14 thoughts on “Tapestry Diary Mistake and Remedy

    1. Sandy, I will make an edging with the warp ends when I remove the tapestry from the frame loom, but I don’t do any other finishing on the back, other than trimming all the yarn to about 1/2″.


  1. Your tapestry is awesomely beautiful and thank you for the life lesson on patience, it comes at just the right time. I have been working on patience for a good while now….I have found it with my fibery fun, now to incorporate it into every day life.

    1. Dear Kath,
      Learning patience is a continual lesson for all of us, isn’t it? Your sweet compliment makes me smile. Thanks!

      Happy Weaving,

  2. When I think back I don’t remember being taught the virtue of patience when young or in school.
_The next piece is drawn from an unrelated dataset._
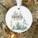 Personalisierte Weihnachtsschmuck mit inspirierendem Zitat zeigt ein einfaches naturfarbenes Design mit einem Wald aus grünen und goldenen Kiefern. Es enthält ein ermutigendes Christliches Zitat: "Gott ist treu die ganze Zeit." Die Rückseite mit Namen und Jahr oder die Details Ihrer Wahl angepasst.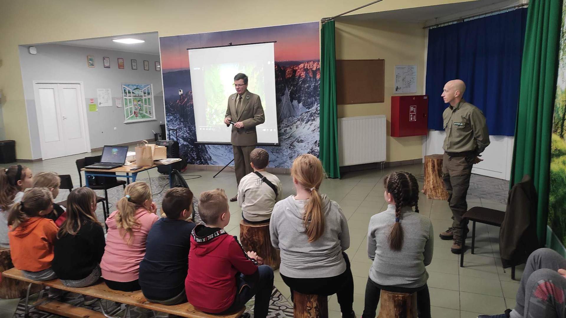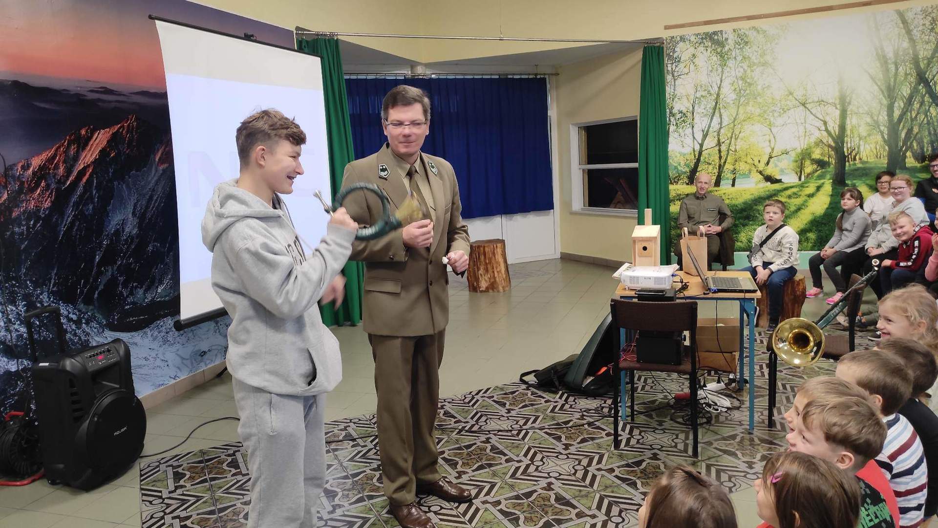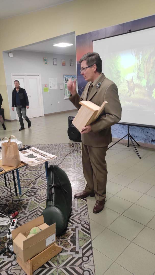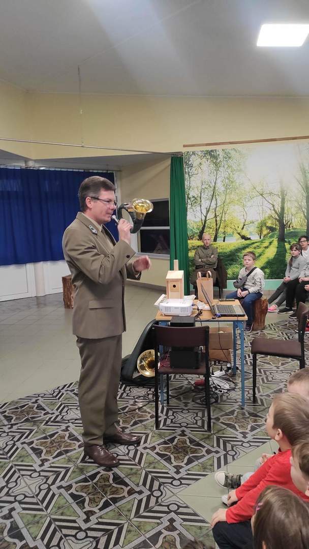 W poniedziałek 05 grudnia 2023 r. w Szkole Podstawowej w Starkówcu Piątkowskim gościli pracownicy Nadleśnictwa Jarocin: leśniczy Krzysztof Filipiak i podleśniczy Marek Dobroczyński. W czasie godzinnego spotkania uczniowie poznali wiele ciekawostek o zwierzętach leśnych. Była też mowa o tym jak się w lesie zachowywać i jak pomagać zwierzętom przetrwać zimę. Największym zainteresowaniem cieszyła się gra na rogu myśliwskim. Wspólnie rozwiązywano także krzyżówkę, której zadaniem było podsumowanie zdobytej przez uczniów wiedzy. Po spotkaniu obaj panowie zostawili dzieciom kule z ziarnem by mogli powiesić je w ogrodzie, w by w ten sposób dokarmiać ptaki zimą.

So it’s nice to be reminded that it’s ok to go slower and stay calm… I’m learning the outcome is better in what I do and how I feel about myself and my work. Thanks Karen.

    1. That’s a good point, Trish! I think you are right–the outcome IS better when we slow down and stay calm.

      Thanks for sharing your thoughts!

  3. Karen your tapestry is such a beautiful artistic work of art you are so gifted and thank you for sharing your fabulous work. Yes that word patience certainly does arise quite often a great posting to remind us of it , as weaving does give us another avenue to practise it, I find the continuous developing and faith of telling myself …that everything in my life will unfold as it should ….slows down the anxiety to calmly work it out. Bless you Karen

    1. Carrol, Thank you!
      I appreciate hearing everyone’s thoughts on patience. It is worthwhile to give consideration to things that make a difference in how our lives function. I am so happy you’ve added your voice to the conversation!

      Blessings to you,

  4. LOVE the tapistery. I believe patience comes with age. As we get older we come to understand doing a project right may take time and we are ready to give that project that needed time. Along with being a weaver I’m also a knitter and a Quilter. My friends that quilt are always in a hurry to make the next quilt so they have their quilts machine quilted. i, PERSONALLY, hand quilt because I spend the time quietly reflecting on the person the quilt is for hoping they will some day know how much love, patience, joy and happiness went into their quilt. Weaving is the same The planning and the correcting to make the project the right size, for me, takes a lot of thought. threading a thousand ++threads of 20/2 for the warp takes me forever. I can only do 50 threads a day. the weaving is ,in a lot of cases, mindless work unless it’s a new complicated pattern, but it all takes patience to make it come out right. God given or insight from ageing ,patience is a blessing we hopefully will all attain. LPJ, linda

    1. Hi Linda,
      Thank you for your kind words. I’m glad you like the way it turned out!
      I’m grateful that God designed us to gain insight as we age. And I’m grateful for the insight you share!

  5. Hi Karen,
    Beautiful work! Too bad you have to take it off the loom as it makes a fine frame.

    I am dealing with major challenges right now (newly widowed and new health issues) such as do I stay here or move. If I move, where on earth should I go. If I stay how will I care for the house and acreage. I find that my textile and fiber work are calming and help me to remember to be more patient with God. I can lose my self in the work and have the peace of mind for extensive prayer and conversation with God.

    1. Hi Colleen, I like it on the frame, too! I have to remove it, though, to start another tapestry. It could get costly to purchase a new frame loom for every new tapestry. 🙂

      It is sweet to hear how the Lord is carrying you through your time of waiting and seeking. I’m sorry for the hard things you have had to go through.

  6. Hello! Thank you for sharing your beautiful work! I wondered if you would grant permission for me to share your images in a small Sunday School (with credit), accompanied by the Tapestry Poem? Thank you for letting me know 🙂

    1. Hi Amy, Thank you for asking! I would be honored for you to use my images for your Sunday school class. The Tapestry Poem is dear to my heart.